L’ingénue de 26 ans réussit là où Karl Lagerfeld a échoué : sortir la griffe de sa léthargie. Mais trois ans plus tard, alors que son assistante et amie Phoebe Philo l’a remplacée comme styliste, les ventes vont bondir davantage encore : les insinuations sur le manque de talent de Stella reprennent.
En lançant sa propre marque, en 2001, au sein du groupe Gucci (aujourd’hui, propriété du groupe français Pinault-Printemps-Redoute), la belle rousse peut se forger un prénom dans la mode. Son style à la fois romantique et décontracté séduit la jet-set, mais pas seulement.
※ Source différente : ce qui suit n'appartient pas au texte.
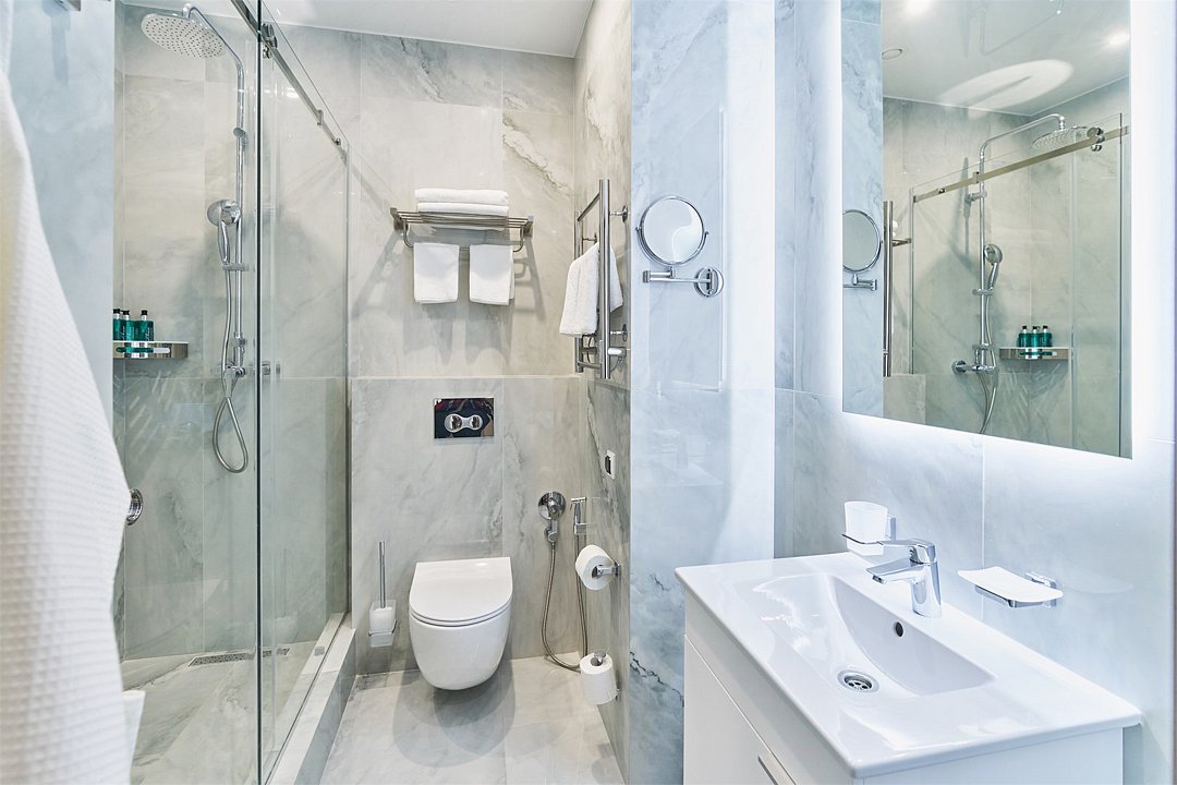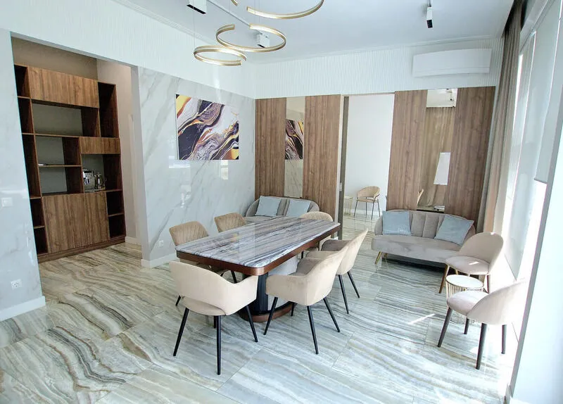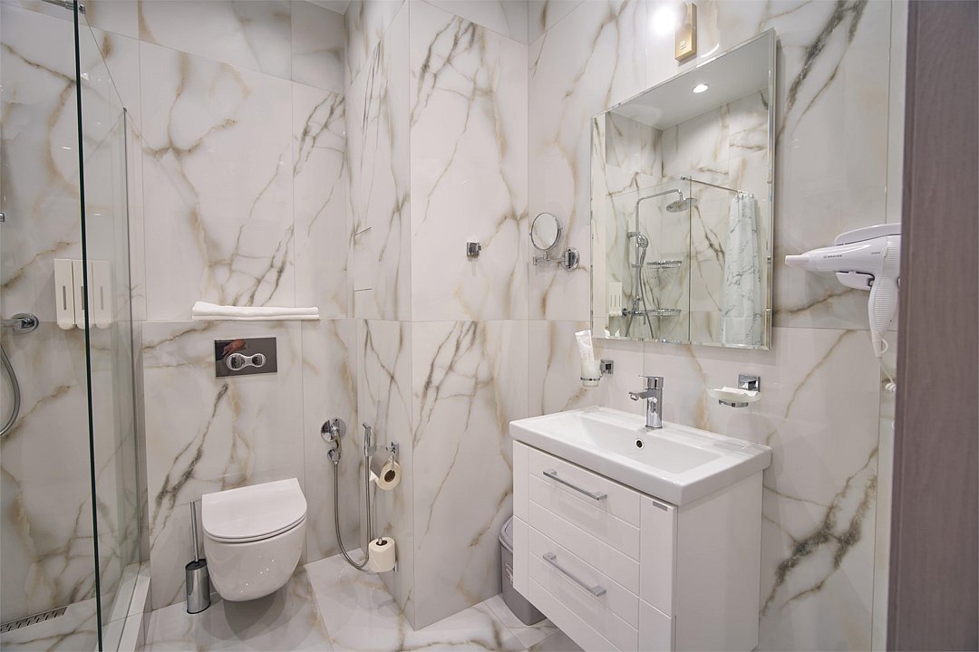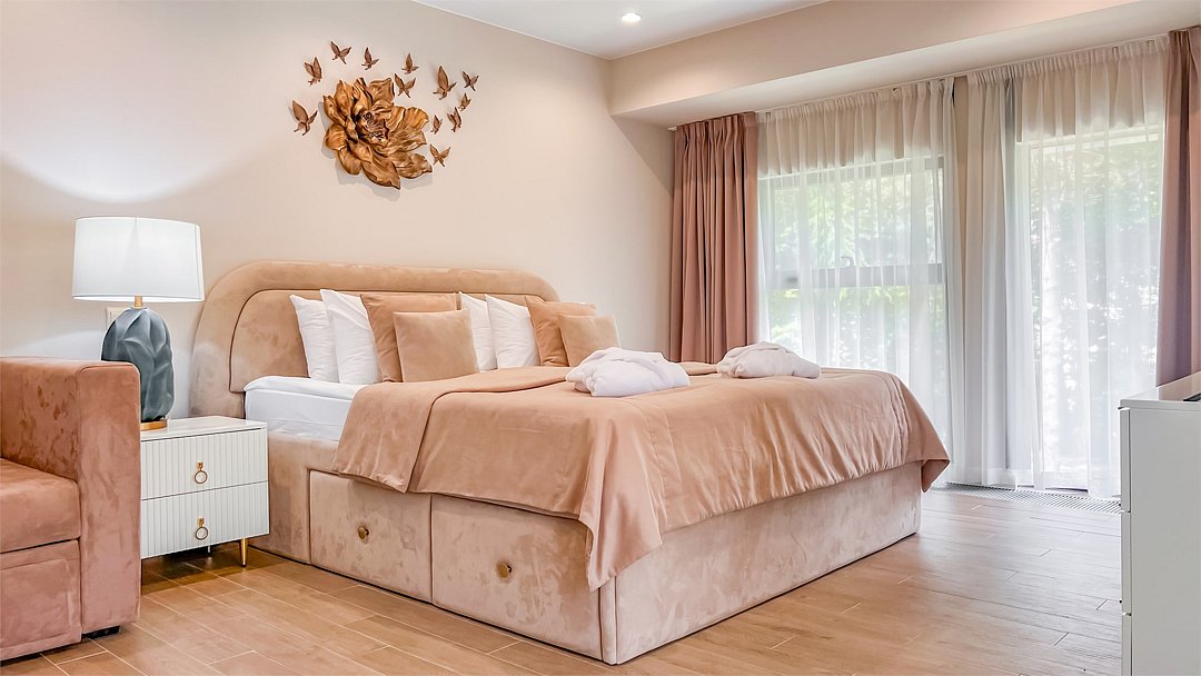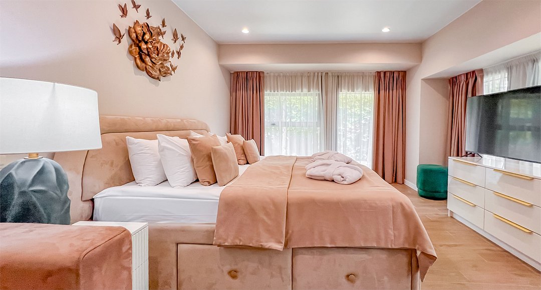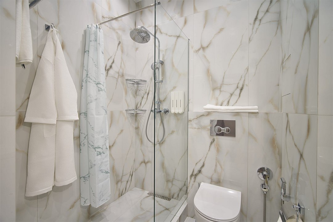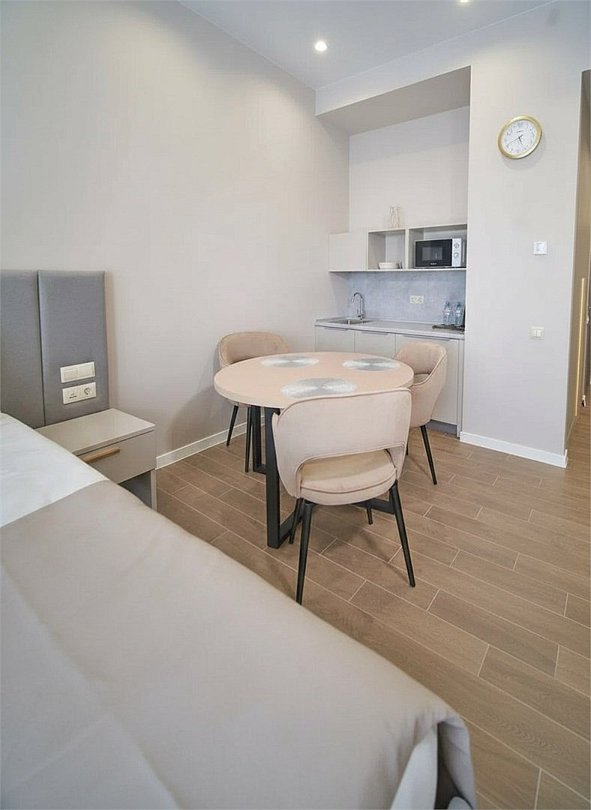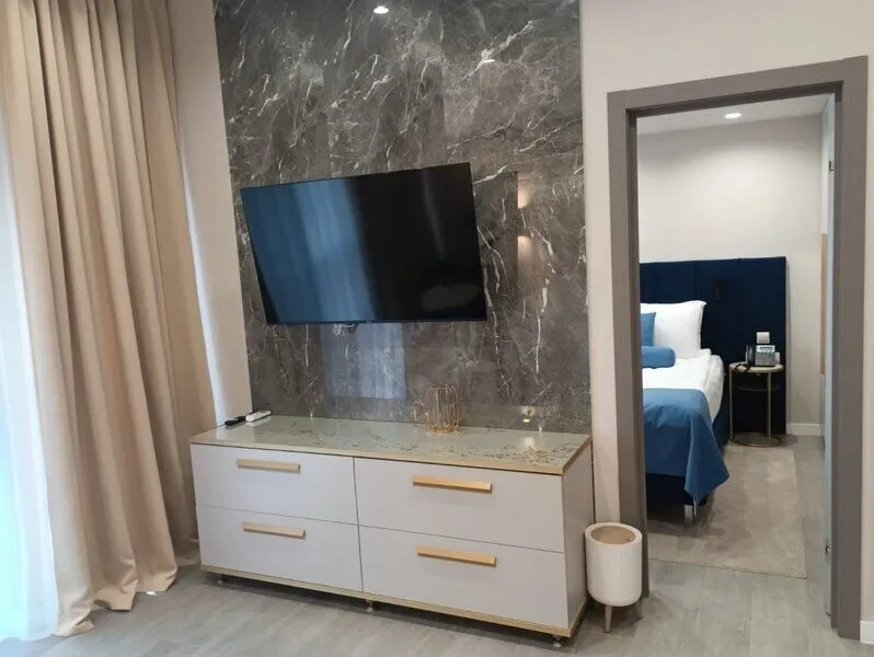 Во всех апартаментах присутствует современный дизайнерский интерьер с полным набором удобств, включая Wi-Fi, кондиционирование, телевизор, чайную станцию, холодильник, фен и банные принадлежности.

Fin 2005, ses quarante modèles dessinés pour H & M, le géant du textile suédois, s’arrachent comme des petits pains.
Parce qu’elle refuse de toucher au cuir, la jeune styliste développe des « accessoires végétariens », comme elle les baptise curieusement. Ses chaussures réclament trois fois plus de temps à fabriquer. « Un designer digne de ce nom doit explorer de nouvelles voies, car tuer des animaux au nom de la mode est démodé », assure-t-elle.
« Amour de la vie, liberté de ton, sensualité… toute la personnalité de Stella transparaît dans ses créations », assure Jeff Koons, l’artiste qui a dessiné pour elle, en 2006, des imprimés et un bracelet en forme de lapin. En moins de sept ans, entre la robe de mariée de Madonna et des vêtements pour sportives chics, Adidas by Stella McCartney, la fille de Paul a lancé deux parfums, de la lingerie délicate et rétro et une ligne de cosmétiques bio, dont son visage poupin et dépourvu de maquillage est le meilleur ambassadeur.
« Avant, les journalistes m’interrogeaient sur mon père », lâche Stella. « Depuis que l’environnement est à la mode, ils s’intéressent à ma couture écologiquement correcte. » Et l’enfant de la balle de se demander quand on la prendra vraiment au sérieux.